A ver, no nos pasemos de listos. La libertad de expresión no es una licencia para insultar al prójimo como si fuéramos el Grinch con megáfono. Pero tampoco debería ser un bozal emocional que convierta cualquier comentario sarcástico en una tragedia jurídica. Siguiendo esta lógica, pronto los bares pondrán carteles que digan: «Prohibido hablar de política y suegras, salvo con abogado presente».
¿Dónde quedó aquello de «los trapos sucios se lavan en casa»? Pues en el mismo lugar donde dejamos el Nokia 3310: en el baúl de los recuerdos. Ahora, los trapos se lavan en Twitter, se centrifugan en hilos de indignación y se secan al sol de los juzgados. Y no creas que esto es cosa de ciudadanos anónimos. Políticos, famosos e influencers han convertido la denuncia judicial en su deporte favorito. Antes las disputas se resolvían con un zasca elegante; ahora se resuelven con un bufete de abogados y muchas ganas de perder el tiempo.
La gran ironía es que, mientras discutimos si llamar «ignorante supino» es delito o un halago en clave vintage, nos olvidamos de los verdaderos problemas de la libertad de expresión. ¿Qué pasa con los periodistas que son perseguidos por informar? ¿Con las redes sociales donde un algoritmo decide si tu opinión es «apta»? Eso sí son debates de verdad, pero parece que preferimos hacer de «pelagatos» un asunto de Estado.
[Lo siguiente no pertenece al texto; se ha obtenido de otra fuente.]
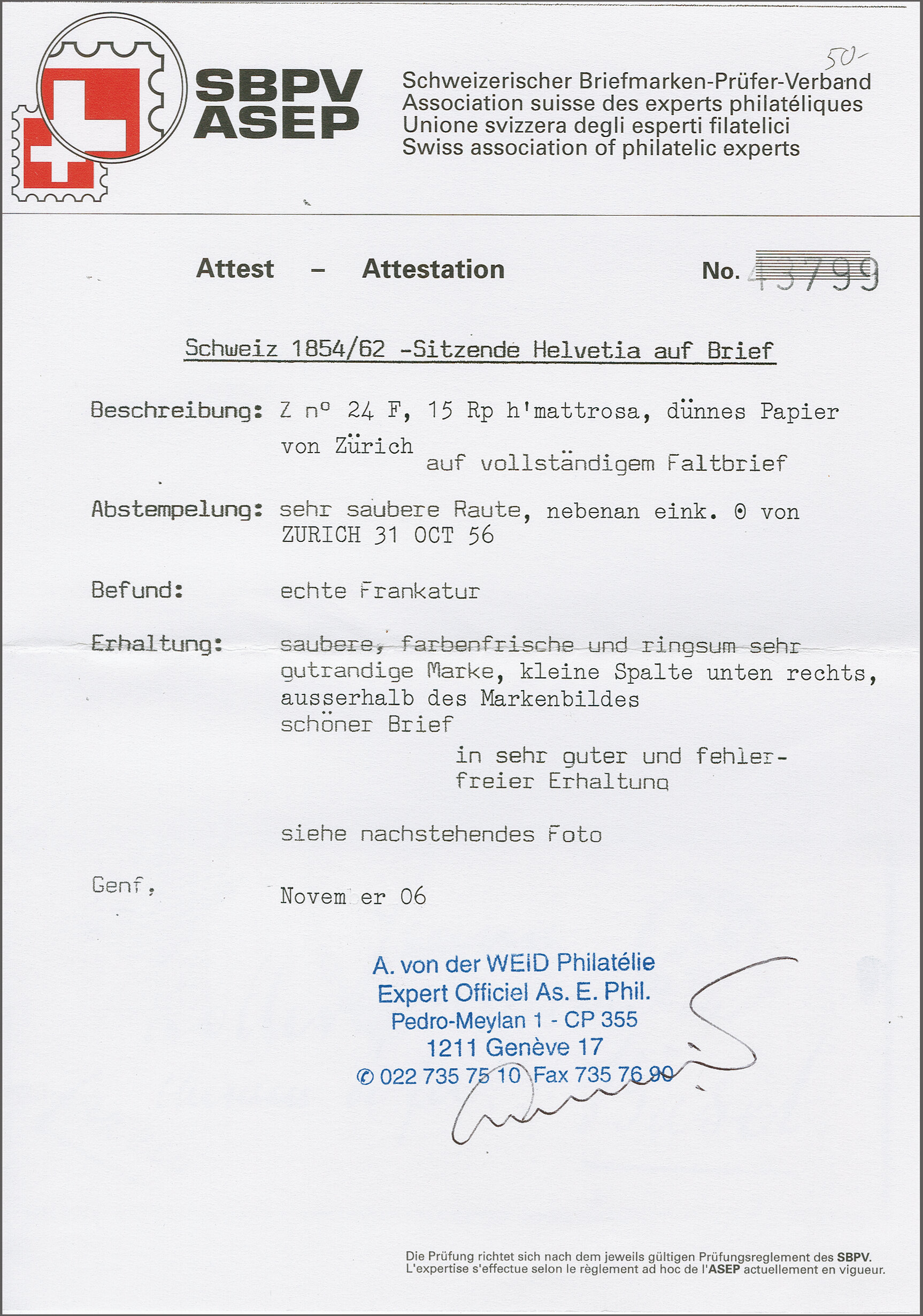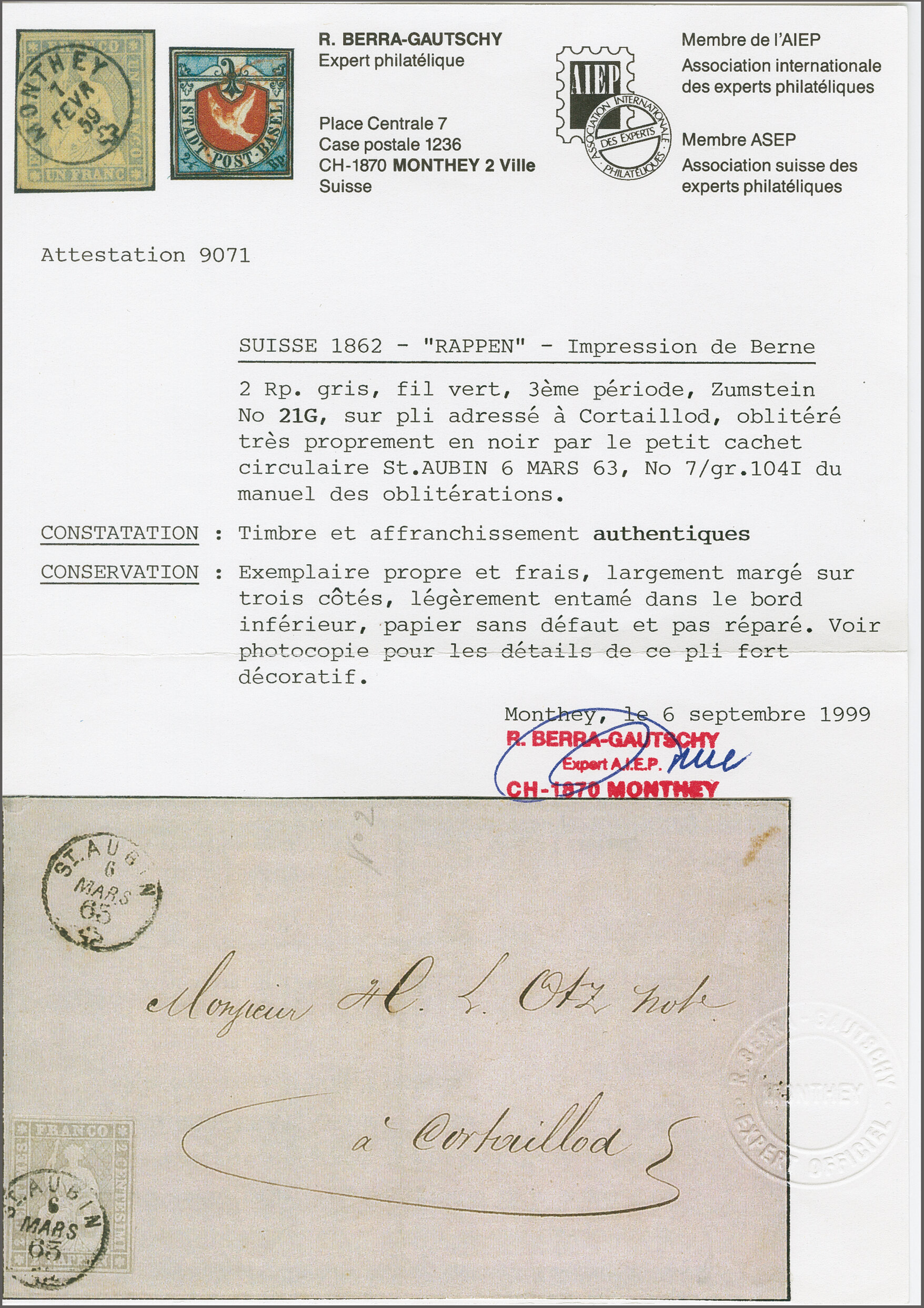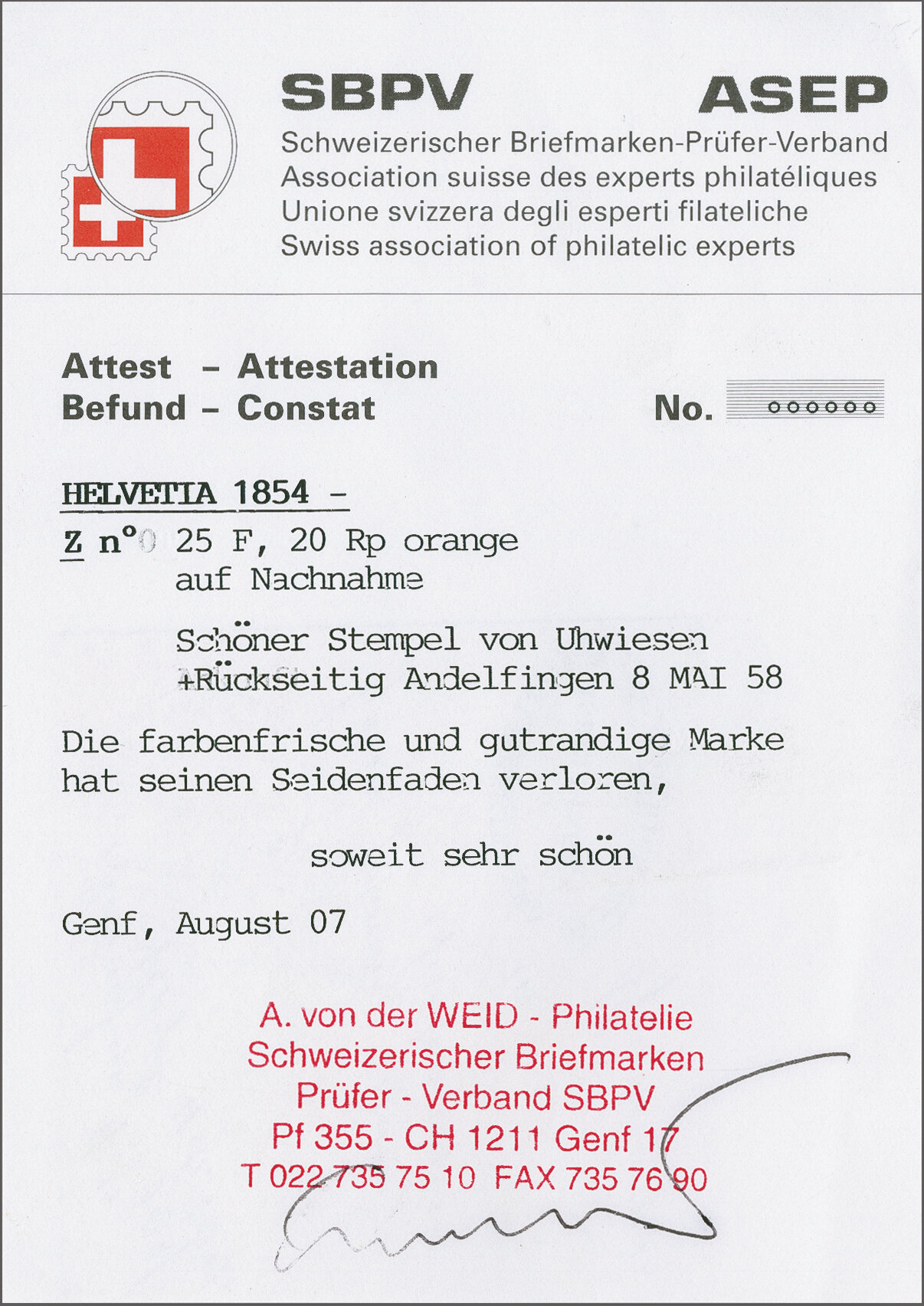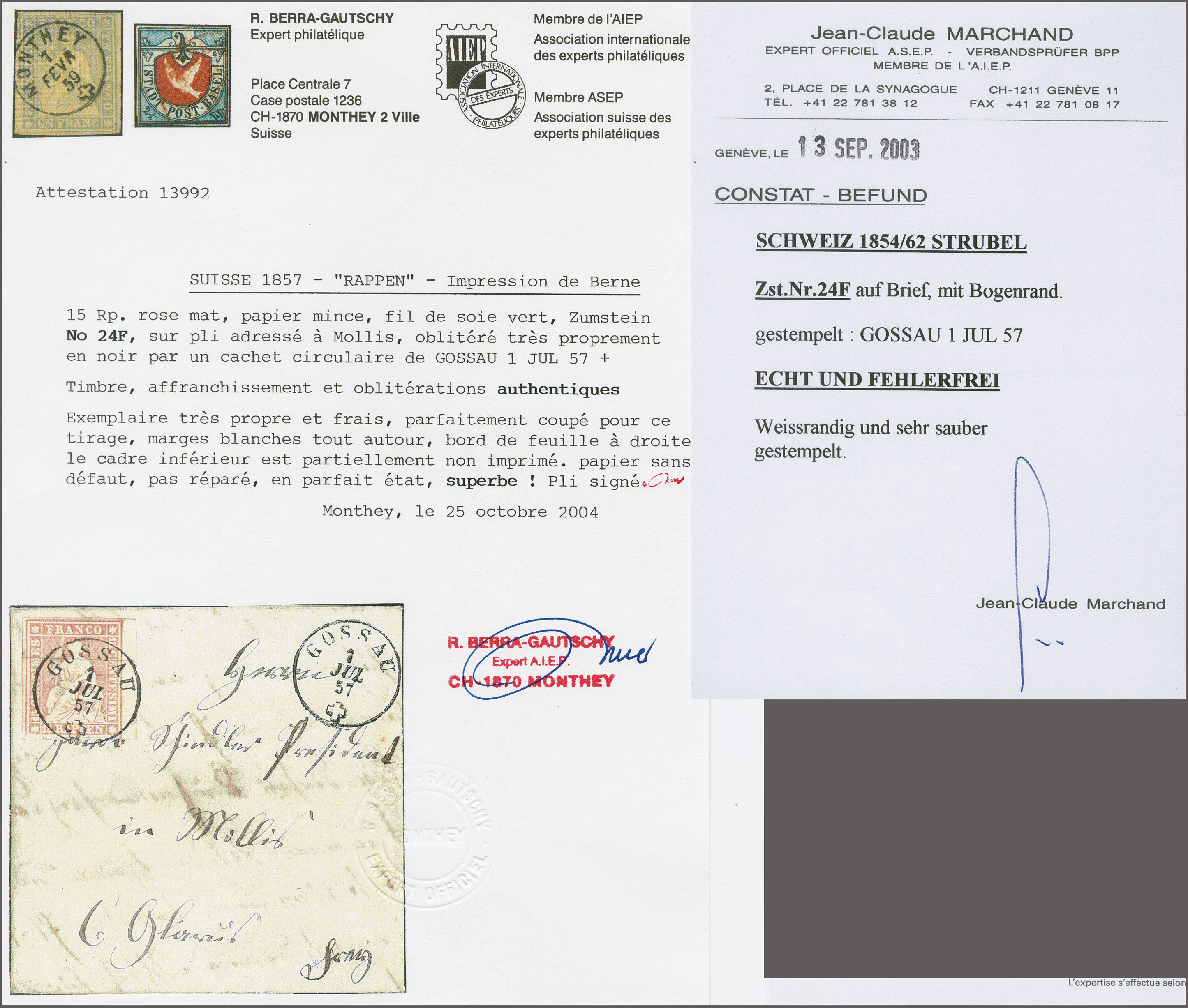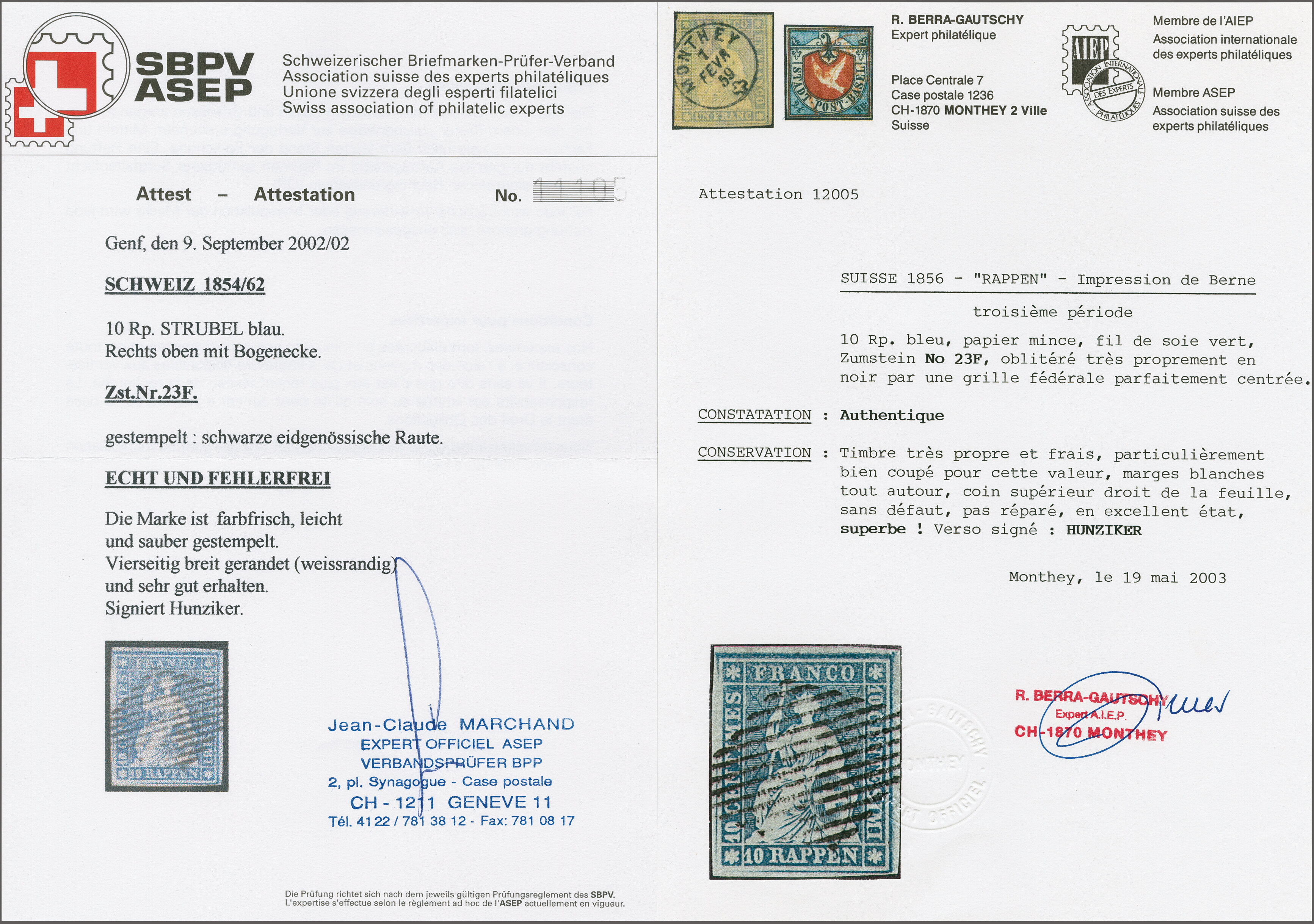 entw. mit schwarzer eidg. Raute. Signiert Hunziker, Atteste Marchand (2002) und Hunziker (2003). SBK=CHF 1'300. (Image 1)

Y claro, los juzgados no dan abasto. La justicia española, que ya camina como un Seat Panda subiendo una cuesta, no necesita que le metamos querellas por cosas que deberían resolverse con un mute en Twitter. Cada vez que un juez tiene que decidir si «hijo de fruta» es insulto o poesía urbana, un abogado se pregunta por qué no abrió un bar en su pueblo.
Propongo algo radical: un Ministerio del Sentido Común. Ahí enviaríamos todas las quejas ridículas para que las resolvieran con un café, dos galletas y una charla honesta. Mientras tanto, dejemos los tribunales para cosas serias. Y, ya que estamos, aprendamos a usar el botón de bloquear, que es gratis y no atasca el sistema judicial.
Porque, al final del día, no existe el «derecho a ofender». Existe el derecho a expresarnos, que viene con un bonus track: aceptar que no todo el mundo va a aplaudirnos. Y si alguien nos llama «pelagatos», respiremos hondo, apaguemos el móvil y sigamos con nuestro caminar. Que bastantes dramas nos da la vida como para andar buscando más en los tribunales.